What is expected: What you return should be every line below, word for word, and none of the images.

Data block:
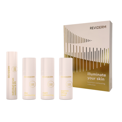 Das luxurious contouring collection Set enthält day contouring (20 ml), night contouring (20 ml), express lifting mask (20 ml) und eine limited edition des individual serum contour & lift (15 ml) - alles Produkte, die auf der Basis der einzigartigen Anti-Glycation Formula (AGF) dem Prozess der Verzuckerung der Haut effektiv entgegenwirken. Alle vier Produkte des Miniaturen-Sets zielen darauf ab, Falten sichtbar zu glätten und die Konturen zu straffen.
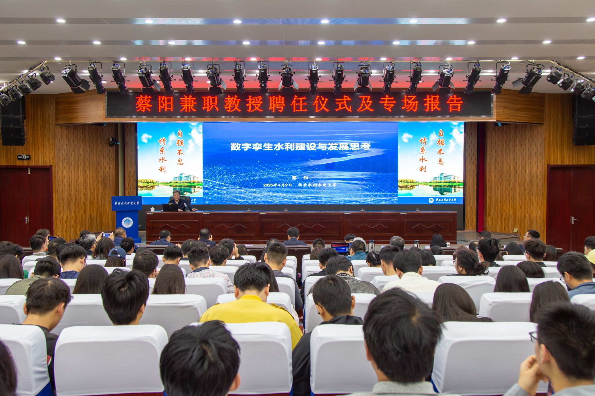 聘任仪式后,蔡阳教授作了《数字孪生水利建设与发展思考》专场报告,从“是什么”“为什么”“建什么”“怎么建”“靠什么”五个维度详细介绍了数字孪生水利的丰富内涵,并以数字孪生海河和团洲垸堤防决口应急处置为例介绍了数字孪生水利建设的应用实践,最后分享了自己对数字孪生水利发展的思考与建议。
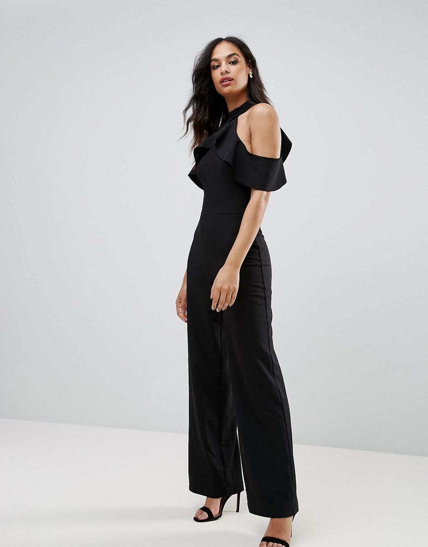 Black cold shoulder jumpsuit Clearance, Lipsy Cold Shoulder Jumpsuit With Frill Clearance
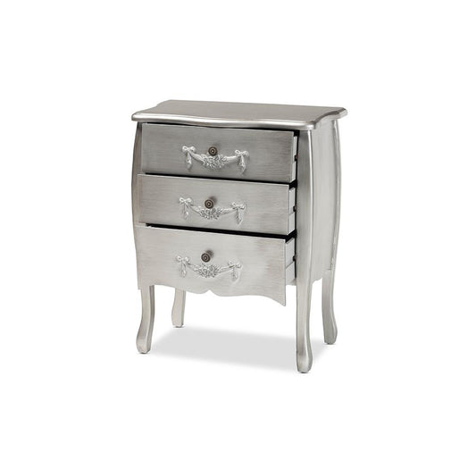 Baxton Studio Eliya Classic and Traditional Bru... Baxton Studio Eliya Classic and Traditional Brushed Silver Finished Wood 3-Drawer Storage Cabinet

Solution:
 Das luxurious contouring collection Set enthält day contouring (20 ml), night contouring (20 ml), express lifting mask (20 ml) und eine limited edition des individual serum contour & lift (15 ml) - alles Produkte, die auf der Basis der einzigartigen Anti-Glycation Formula (AGF) dem Prozess der Verzuckerung der Haut effektiv entgegenwirken. Alle vier Produkte des Miniaturen-Sets zielen darauf ab, Falten sichtbar zu glätten und die Konturen zu straffen.
 聘任仪式后,蔡阳教授作了《数字孪生水利建设与发展思考》专场报告,从“是什么”“为什么”“建什么”“怎么建”“靠什么”五个维度详细介绍了数字孪生水利的丰富内涵,并以数字孪生海河和团洲垸堤防决口应急处置为例介绍了数字孪生水利建设的应用实践,最后分享了自己对数字孪生水利发展的思考与建议。
 Black cold shoulder jumpsuit Clearance, Lipsy Cold Shoulder Jumpsuit With Frill Clearance
 Baxton Studio Eliya Classic and Traditional Bru... Baxton Studio Eliya Classic and Traditional Brushed Silver Finished Wood 3-Drawer Storage Cabinet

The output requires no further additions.